昨日に引き続き、Co-Creation Journey for Innovation の様子を、池野がお伝えします。
今日のプログラムのメインは、社会起業家からベトナムの社会課題についてレクチャーを受けること。
昨日のベトナムディープダイブよりも、もっと”課題”にフォーカスをしてインプットを行いました。
~ベトナムの予防医療の先駆者 “HELLO HEALTH”~
Hello HealthのTuan氏 |
まずは、ベトナムで予防医療の普及に取り組むHello HealthのTuan氏を招き、ベトナムのヘルスケア問題についてお話を伺いました。
なぜ、このクラスに参加したか、というTuan氏の問いに、日本人参加者からは「起業がしたいから」「アジアの状況を直接見たいから」といった声が聞かれました。
Tuan氏によると、生活環境の改善だけで、ほとんどの病気を防げるにもかかわらず、ベトナム人は健康維持のための予防という概念をほとんど持っていないそうです。

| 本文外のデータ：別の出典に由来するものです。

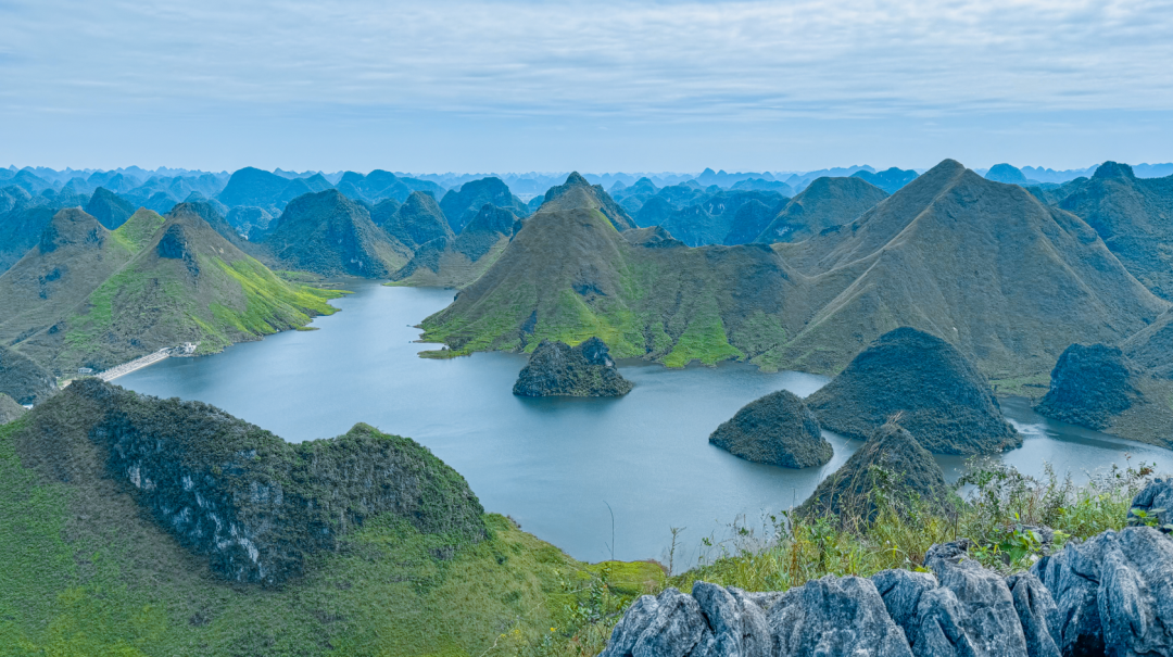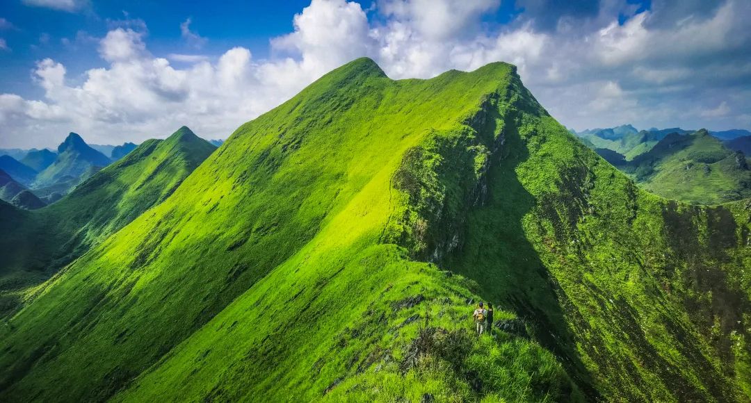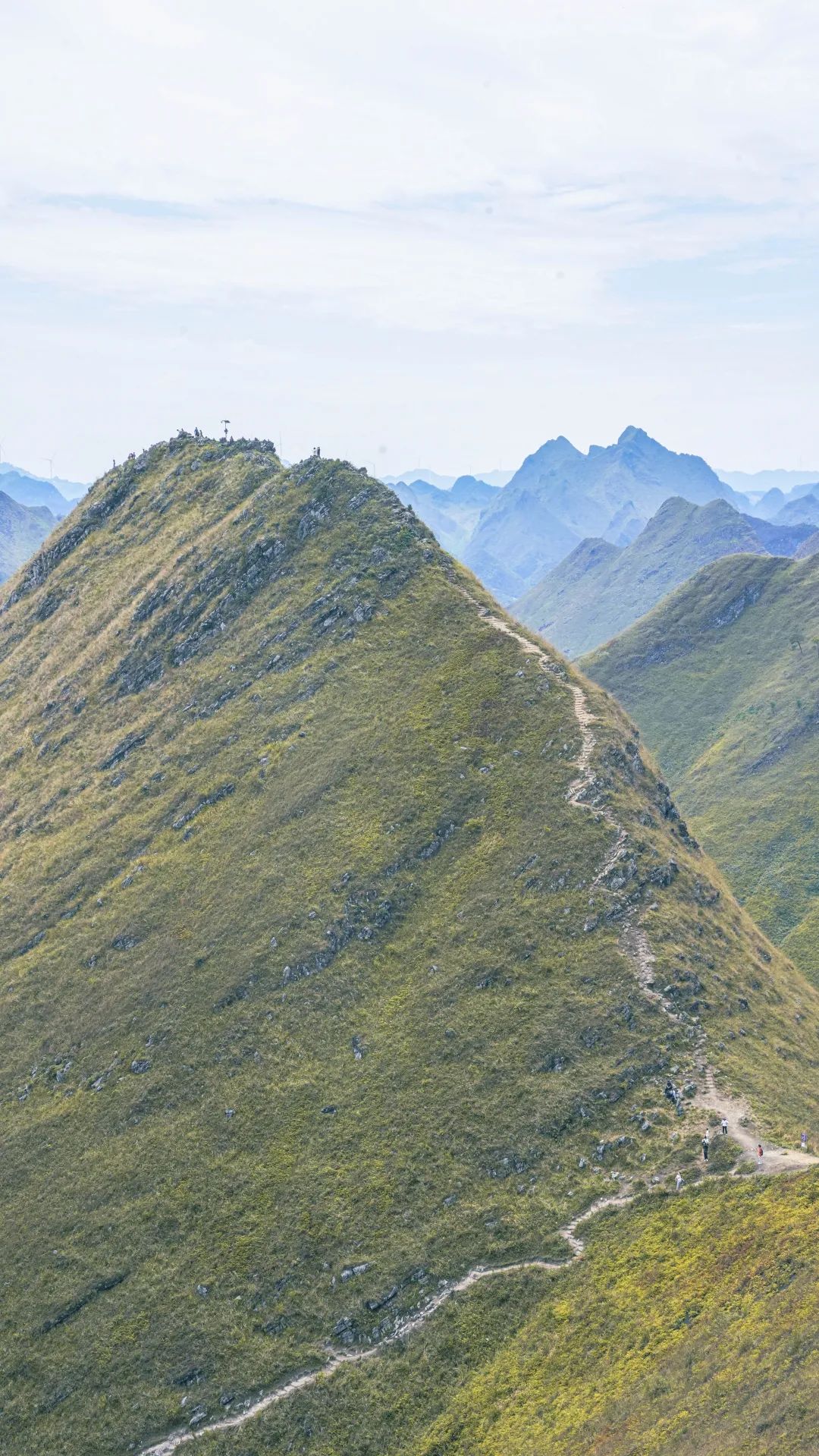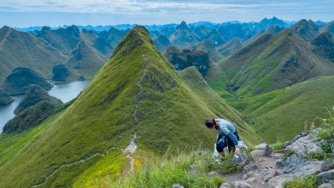 登上1号峰,开始走山脊线,好不开阔,远山和田园360°全景模式,层峦叠嶂的峰丛,山脊两侧的草甸还没完全绿,因为干旱山脚下水库干涸,所剩不多的湖水阳光下呈碧绿色,如翡翠般镶嵌于群山之间,周围一座座小山如岛屿般耸立,阳光下山为笔,水为墨,山水光影的层次近在眼前,我只能说,人总是会被喀斯特地貌特有的山水一次又一次震撼到。

そこで、Tuan氏は、根本原因は何か(WHY)を突き詰め、ニーズを捉えたサービスを開発し、多くの人の生活環境改善・健康維持へ貢献してきたそうです。
高齢化社会の日本でも、ようやく予防医療が注目されはじめていますが、日本とベトナムのように国の状況が違っても、共通する課題を持っているということ気づけるのは共創の大きな機会だと感じました。

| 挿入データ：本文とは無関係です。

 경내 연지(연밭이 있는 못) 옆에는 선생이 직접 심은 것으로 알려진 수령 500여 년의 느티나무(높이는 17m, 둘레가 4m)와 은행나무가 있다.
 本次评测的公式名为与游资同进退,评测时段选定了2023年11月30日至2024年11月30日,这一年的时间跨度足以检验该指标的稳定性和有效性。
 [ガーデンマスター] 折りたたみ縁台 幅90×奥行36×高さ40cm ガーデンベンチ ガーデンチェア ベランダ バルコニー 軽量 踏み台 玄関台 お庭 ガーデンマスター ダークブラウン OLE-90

昨日のLSPワークショップの際、あるベトナム人参加者は「日本は発展している国で見習うことが多い」という話をしていたり、ある日本人参加者が「日本から何かを与える」という話をしていましたが、必ずしもそのベクトルは一方通行とは限らないのではないでしょうか。
Tuan氏の講演から得たファクト等を整理中 |
~投資家と社会起業家をアジアでつなぐ”Shujog”~
つづいては、Preparing the ground for impact investmentをポリシーに、インドやカンボジアなどアジアの様々な国で、投資家と社会起業家をつなぐプラットフォームの運営をおこなっているShujogのHuong氏にお越しいただきShujogの事業概要や、社会起業家や投資家の抱える課題をお話いただきました。
Huong氏から日本の社会起業家や支援組織を聞かれ、日本人参加者はマザーハウスの事例を紹介していました。
個人的に感じたのが、日本はこうした投資において大きく機会損失しているのではないか、ということです。
私や浅岡が支援している社会起業家とは英語でコミュニケーションをとっていますが、彼らと共創できているのも、まずは言語という最初のハードルをクリアしているからにほかなりません。
日本の企業でも、潜在的投資価値があったとしても、外部への発信がうまくいかずに、投資機会を逃している可能性は大いにあるのではないでしょうか?
資金調達を模索している社会起業家のために、投資機会を増やすShujogのような中間支援組織があるのでしょうが、グローバル環境において英語での発信は欠かせないものだと思いました。
~ベトナム初の聴覚障がい者向け民間支援機関”CED”~
昼食後、ベトナムの聴覚障がい者を支援するCEDという機関を訪問し、代表のHanhさんから、ベトナムの聴覚障害者の抱える問題や、CEDの事業内容についてお話を伺いました。
Hanhさん自身も聴覚障がいをお持ちですが、ベトナムの技術系大学を卒業後、エンジニアとして一般企業に勤めたのち、ベトナムの聴覚障がい者へ支援をおこないたいと2011年にCEDを設立されました。
ベトナム人参加者の大半がハンさんと同じ大学出身だったようで、みなさん興味津々に話に聞き入り、活発に議論していました。
私もHCMでHanhさんと働き始めて感じましたが、聴覚障がい者は生活の中で様々な問題を抱えているにもかかわらず、他人から気づいてもらえないという二重の問題があります。
今回のツアーで、参加者がどんな課題に気づいて、どんなアイデアを考えるか今から楽しみです。